== How to complete this task ==
Give back all of the data exactly as it stands, with the pictures removed.
(Provided material)
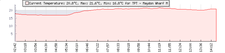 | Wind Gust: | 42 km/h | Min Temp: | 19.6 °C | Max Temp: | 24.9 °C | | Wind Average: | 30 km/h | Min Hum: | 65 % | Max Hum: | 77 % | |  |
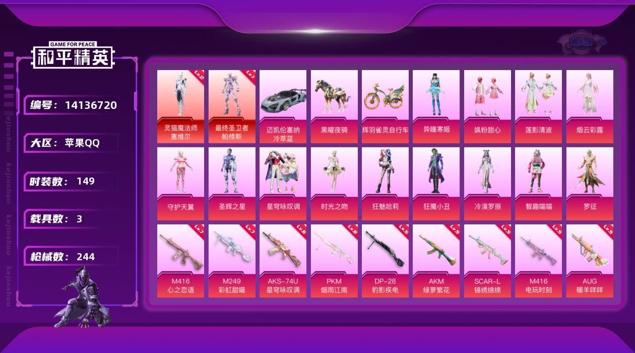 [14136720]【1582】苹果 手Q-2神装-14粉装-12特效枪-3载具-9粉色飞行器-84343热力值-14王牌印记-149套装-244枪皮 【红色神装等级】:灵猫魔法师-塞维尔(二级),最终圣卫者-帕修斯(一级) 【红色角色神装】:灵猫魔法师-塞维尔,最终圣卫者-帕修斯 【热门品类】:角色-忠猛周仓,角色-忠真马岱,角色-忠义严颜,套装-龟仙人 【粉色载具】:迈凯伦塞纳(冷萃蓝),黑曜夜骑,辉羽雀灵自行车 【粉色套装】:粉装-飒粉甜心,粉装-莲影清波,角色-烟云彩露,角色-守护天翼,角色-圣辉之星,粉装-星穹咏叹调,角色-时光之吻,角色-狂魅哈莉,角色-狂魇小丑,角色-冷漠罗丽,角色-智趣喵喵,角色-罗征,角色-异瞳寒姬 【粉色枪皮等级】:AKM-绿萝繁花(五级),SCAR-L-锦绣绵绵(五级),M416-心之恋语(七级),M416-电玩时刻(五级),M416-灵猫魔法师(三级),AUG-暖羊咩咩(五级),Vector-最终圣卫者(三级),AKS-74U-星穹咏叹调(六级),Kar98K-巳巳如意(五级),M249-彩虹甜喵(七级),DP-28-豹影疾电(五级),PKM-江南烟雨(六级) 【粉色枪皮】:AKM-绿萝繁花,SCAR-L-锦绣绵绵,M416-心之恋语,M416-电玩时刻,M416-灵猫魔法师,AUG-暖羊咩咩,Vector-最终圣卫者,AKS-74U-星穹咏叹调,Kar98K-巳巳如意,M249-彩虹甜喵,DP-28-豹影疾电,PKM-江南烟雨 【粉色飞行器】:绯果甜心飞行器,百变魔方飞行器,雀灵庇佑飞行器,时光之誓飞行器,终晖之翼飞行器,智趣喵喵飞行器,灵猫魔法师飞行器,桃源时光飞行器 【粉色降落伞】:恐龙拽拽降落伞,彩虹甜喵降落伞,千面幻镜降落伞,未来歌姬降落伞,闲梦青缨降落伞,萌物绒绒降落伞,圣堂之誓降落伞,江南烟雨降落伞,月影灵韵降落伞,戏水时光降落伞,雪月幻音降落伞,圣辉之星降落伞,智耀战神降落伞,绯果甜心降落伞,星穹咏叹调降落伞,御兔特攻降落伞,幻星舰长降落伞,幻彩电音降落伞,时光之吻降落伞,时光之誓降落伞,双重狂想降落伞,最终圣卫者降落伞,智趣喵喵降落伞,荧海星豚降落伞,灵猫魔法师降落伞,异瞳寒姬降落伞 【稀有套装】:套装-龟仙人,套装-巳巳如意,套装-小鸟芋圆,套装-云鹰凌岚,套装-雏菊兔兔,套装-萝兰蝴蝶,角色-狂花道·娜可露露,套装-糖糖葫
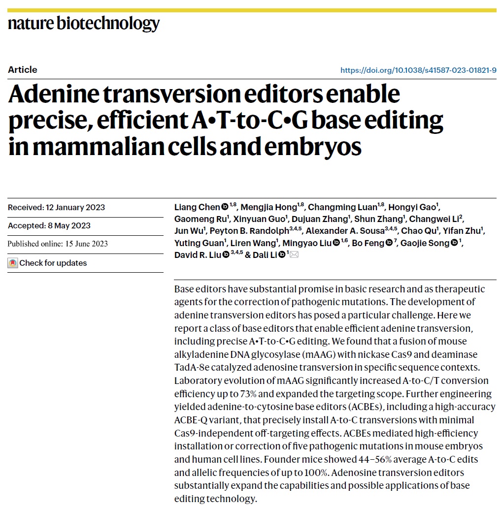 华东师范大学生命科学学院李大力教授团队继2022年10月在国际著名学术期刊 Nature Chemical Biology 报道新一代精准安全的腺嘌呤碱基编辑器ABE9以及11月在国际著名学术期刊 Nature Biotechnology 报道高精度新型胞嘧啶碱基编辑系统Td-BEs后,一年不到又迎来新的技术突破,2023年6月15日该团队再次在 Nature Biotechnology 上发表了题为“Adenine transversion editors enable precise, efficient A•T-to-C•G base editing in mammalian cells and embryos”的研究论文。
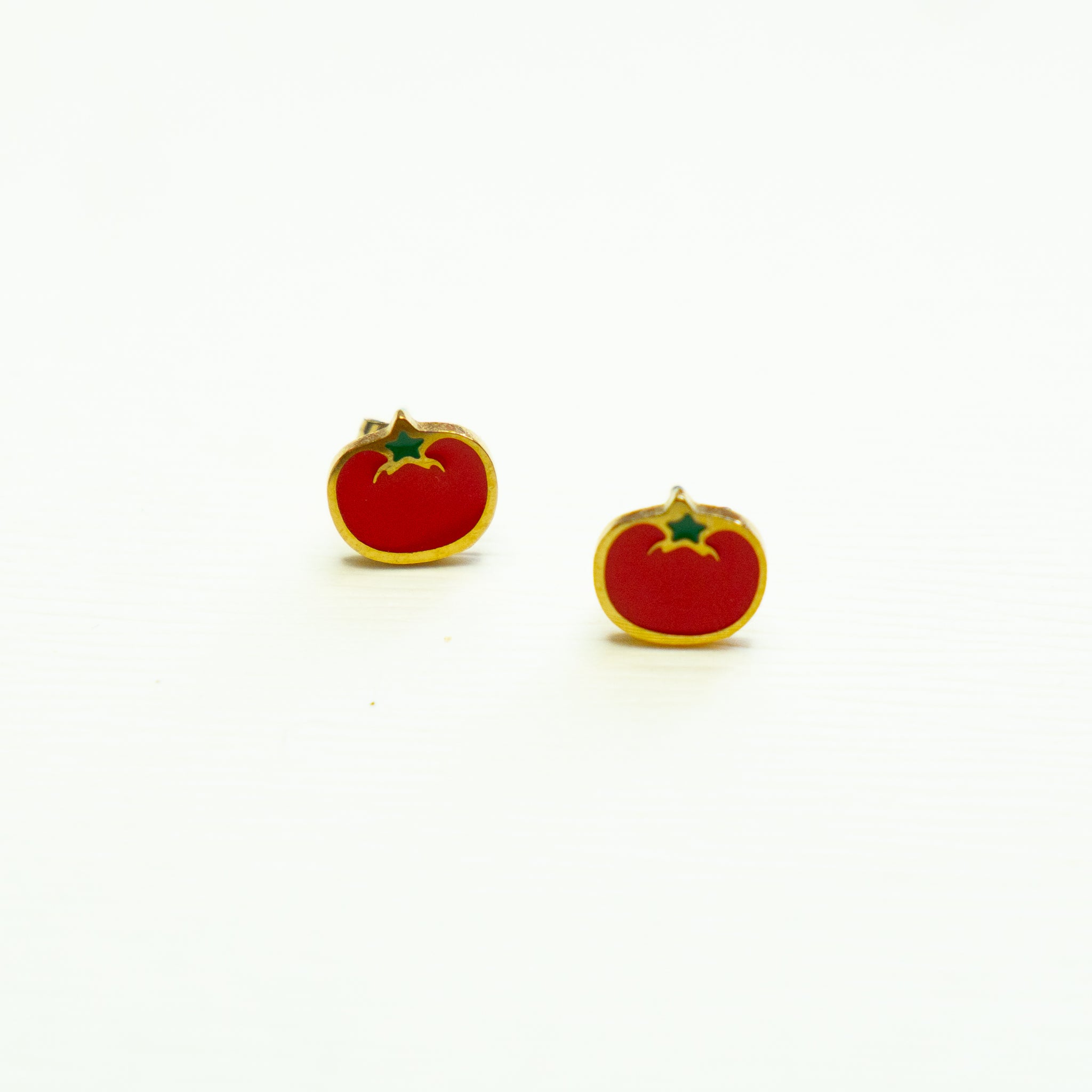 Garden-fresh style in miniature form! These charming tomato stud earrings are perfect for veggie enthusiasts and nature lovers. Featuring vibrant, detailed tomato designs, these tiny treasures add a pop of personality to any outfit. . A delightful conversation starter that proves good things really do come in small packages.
(End Provided material)
== Solution for this task ==
 | Wind Gust: | 42 km/h | Min Temp: | 19.6 °C | Max Temp: | 24.9 °C | | Wind Average: | 30 km/h | Min Hum: | 65 % | Max Hum: | 77 % | |  |
 [14136720]【1582】苹果 手Q-2神装-14粉装-12特效枪-3载具-9粉色飞行器-84343热力值-14王牌印记-149套装-244枪皮 【红色神装等级】:灵猫魔法师-塞维尔(二级),最终圣卫者-帕修斯(一级) 【红色角色神装】:灵猫魔法师-塞维尔,最终圣卫者-帕修斯 【热门品类】:角色-忠猛周仓,角色-忠真马岱,角色-忠义严颜,套装-龟仙人 【粉色载具】:迈凯伦塞纳(冷萃蓝),黑曜夜骑,辉羽雀灵自行车 【粉色套装】:粉装-飒粉甜心,粉装-莲影清波,角色-烟云彩露,角色-守护天翼,角色-圣辉之星,粉装-星穹咏叹调,角色-时光之吻,角色-狂魅哈莉,角色-狂魇小丑,角色-冷漠罗丽,角色-智趣喵喵,角色-罗征,角色-异瞳寒姬 【粉色枪皮等级】:AKM-绿萝繁花(五级),SCAR-L-锦绣绵绵(五级),M416-心之恋语(七级),M416-电玩时刻(五级),M416-灵猫魔法师(三级),AUG-暖羊咩咩(五级),Vector-最终圣卫者(三级),AKS-74U-星穹咏叹调(六级),Kar98K-巳巳如意(五级),M249-彩虹甜喵(七级),DP-28-豹影疾电(五级),PKM-江南烟雨(六级) 【粉色枪皮】:AKM-绿萝繁花,SCAR-L-锦绣绵绵,M416-心之恋语,M416-电玩时刻,M416-灵猫魔法师,AUG-暖羊咩咩,Vector-最终圣卫者,AKS-74U-星穹咏叹调,Kar98K-巳巳如意,M249-彩虹甜喵,DP-28-豹影疾电,PKM-江南烟雨 【粉色飞行器】:绯果甜心飞行器,百变魔方飞行器,雀灵庇佑飞行器,时光之誓飞行器,终晖之翼飞行器,智趣喵喵飞行器,灵猫魔法师飞行器,桃源时光飞行器 【粉色降落伞】:恐龙拽拽降落伞,彩虹甜喵降落伞,千面幻镜降落伞,未来歌姬降落伞,闲梦青缨降落伞,萌物绒绒降落伞,圣堂之誓降落伞,江南烟雨降落伞,月影灵韵降落伞,戏水时光降落伞,雪月幻音降落伞,圣辉之星降落伞,智耀战神降落伞,绯果甜心降落伞,星穹咏叹调降落伞,御兔特攻降落伞,幻星舰长降落伞,幻彩电音降落伞,时光之吻降落伞,时光之誓降落伞,双重狂想降落伞,最终圣卫者降落伞,智趣喵喵降落伞,荧海星豚降落伞,灵猫魔法师降落伞,异瞳寒姬降落伞 【稀有套装】:套装-龟仙人,套装-巳巳如意,套装-小鸟芋圆,套装-云鹰凌岚,套装-雏菊兔兔,套装-萝兰蝴蝶,角色-狂花道·娜可露露,套装-糖糖葫
 华东师范大学生命科学学院李大力教授团队继2022年10月在国际著名学术期刊 Nature Chemical Biology 报道新一代精准安全的腺嘌呤碱基编辑器ABE9以及11月在国际著名学术期刊 Nature Biotechnology 报道高精度新型胞嘧啶碱基编辑系统Td-BEs后,一年不到又迎来新的技术突破,2023年6月15日该团队再次在 Nature Biotechnology 上发表了题为“Adenine transversion editors enable precise, efficient A•T-to-C•G base editing in mammalian cells and embryos”的研究论文。
 Garden-fresh style in miniature form! These charming tomato stud earrings are perfect for veggie enthusiasts and nature lovers. Featuring vibrant, detailed tomato designs, these tiny treasures add a pop of personality to any outfit. . A delightful conversation starter that proves good things really do come in small packages.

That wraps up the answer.